One of the pitfalls when it comes to larger organisations, in particular, is that the default is to operate in siloes.  This hinders efforts to undertake a holistic assessment of cyber risk.  What we are seeing in practice is that, whilst most firms have put impressive self-assessment documents in place, setting out their identified business services and impact tolerances, execution is proving more problematic.  This is because of an inability to join the dots between various disparate parts of the organisation, which do not communicate effectively with each other on matters relating to operational resilience.

Cyber risk needs to be managed from the top down, starting with the Board of Directors.  All Board members (and not just the Chief Information Security Officer) need to be cyber literate, understand the cyber risks that the firm is exposed to and monitor the performance of controls that are in place to mitigate this risk.

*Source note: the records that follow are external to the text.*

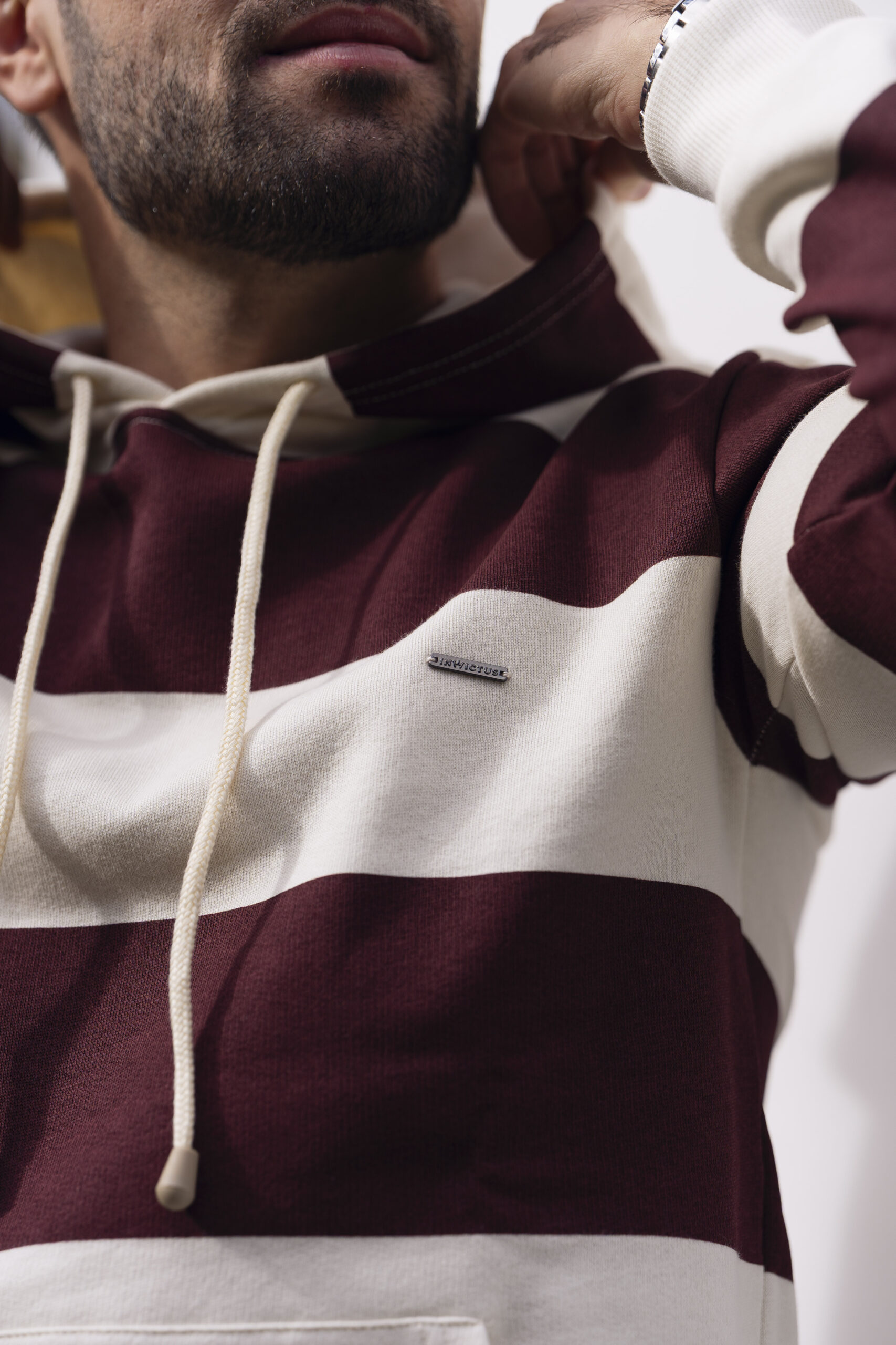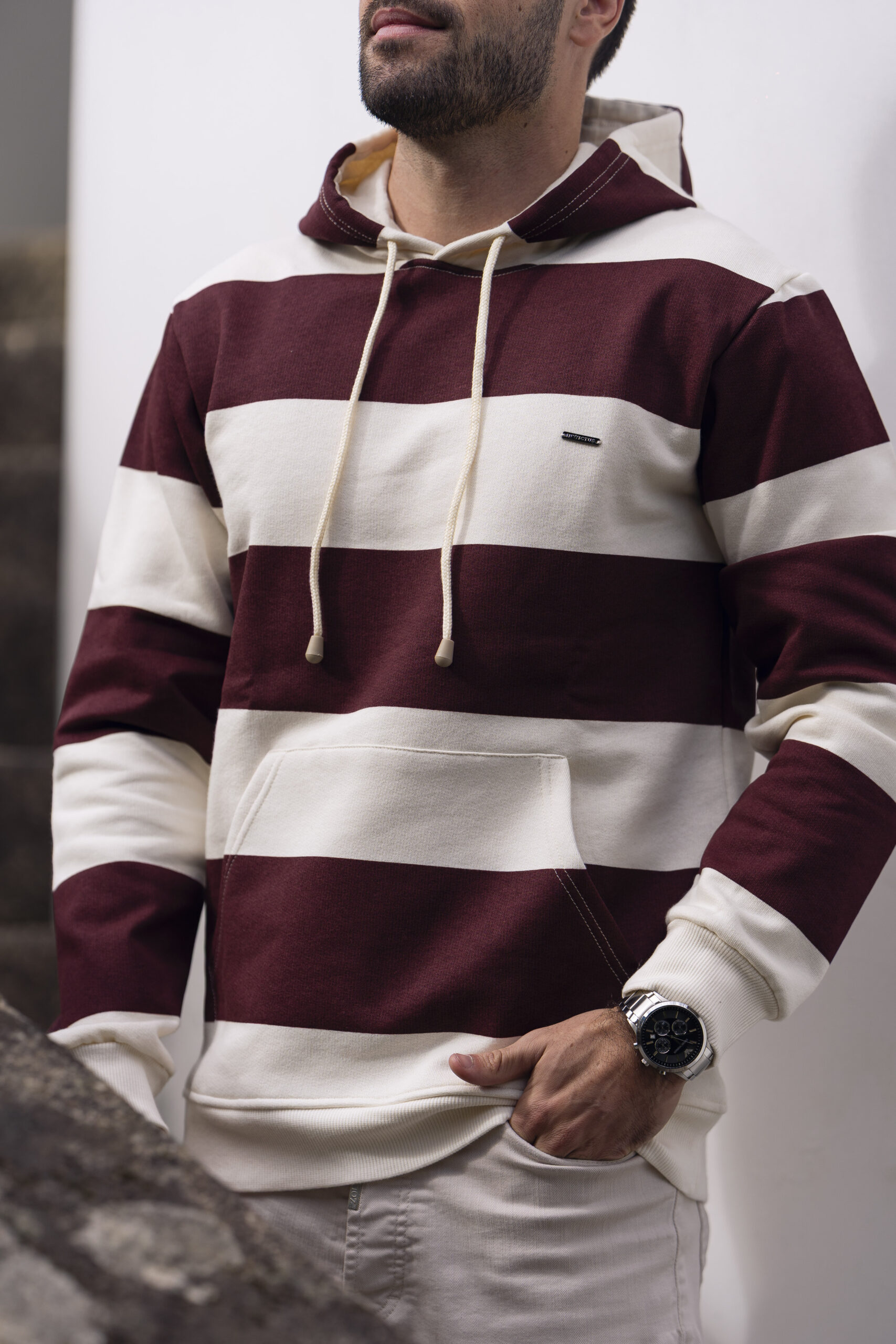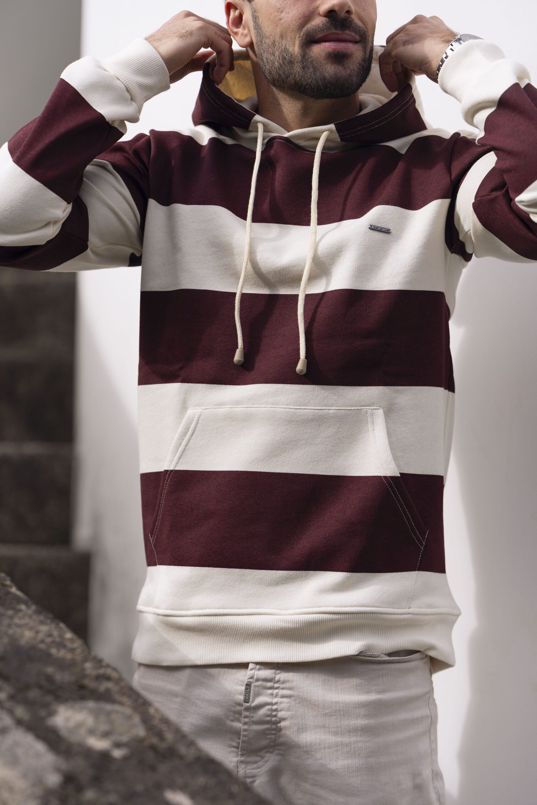 Hoodie de riscas horizontais em bordô e cru, ideal para o dia-a-dia. Apresenta capuz com cordões, bolso frontal e um toque suave que garante conforto em qualquer ocasião.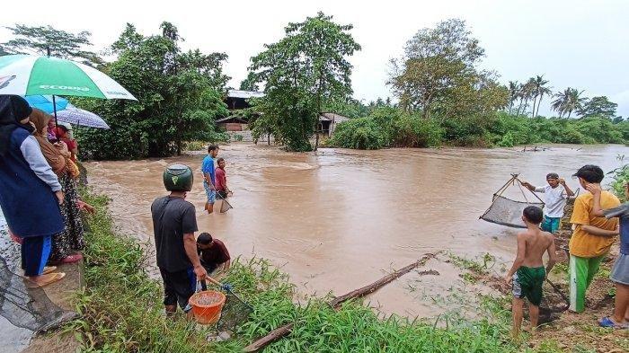 Sejumlah warga berbondong-bondong mencari ikan lele di sungai yang berada di Kelurahan Sukalaksana, Kecamatan Curug, Kota Serang, Selasa (1/3/2022).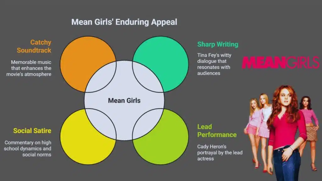 Mean Girls hit screens in 2004. A major studio released this teen comedy. Tina Fey wrote sharp lines that still sting and amuse. The lead actress brought Cady Heron to life. High school seniors saw their own dramas on screen.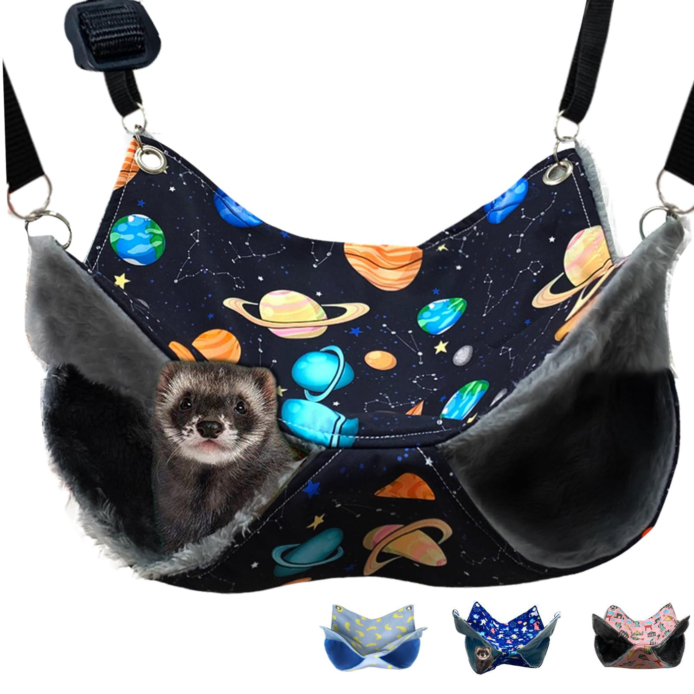Fulue Ferret Rat Hammock Bed, Ferret Guinea Pig Nation Cage Accessories Kit Set Staff House And Hideouts Cave For Guinea Pig Ferret (Black Galaxy)

The self-assessment document required under the operational resilience requirements goes some way towards this.

However, it does not stop there.  Responsibility for cyber risk needs to cascade downwards and Heads of Business (i.e. those on the front line of important business services) need to ensure that they have a sufficiently full understanding of each of the elements that go into that service, comprising: people, processes, information and technology.  Only once they have this, will they be able to assess whether their teams are adequately resourced.

At the very bottom level, each employee need to understand the cyber risks attached to their role and their responsibility for managing cyber risk.  As the old adage goes, you’re only as strong as your weakest link.

Finally, it is worth bearing in mind that, for regulated firms, it is par for the course to undertake accountability reviews where significant incidents occur.  In doing so, it may be necessary to evaluate minor incidents that were a precursor to the major incident, and the steps taken in response.  Firms should therefore ensure that they aggregate lessons learned from micro-incidents in order to understand their overall risk profile and implement any mitigating controls, as appropriate, including increases to headcount where necessary.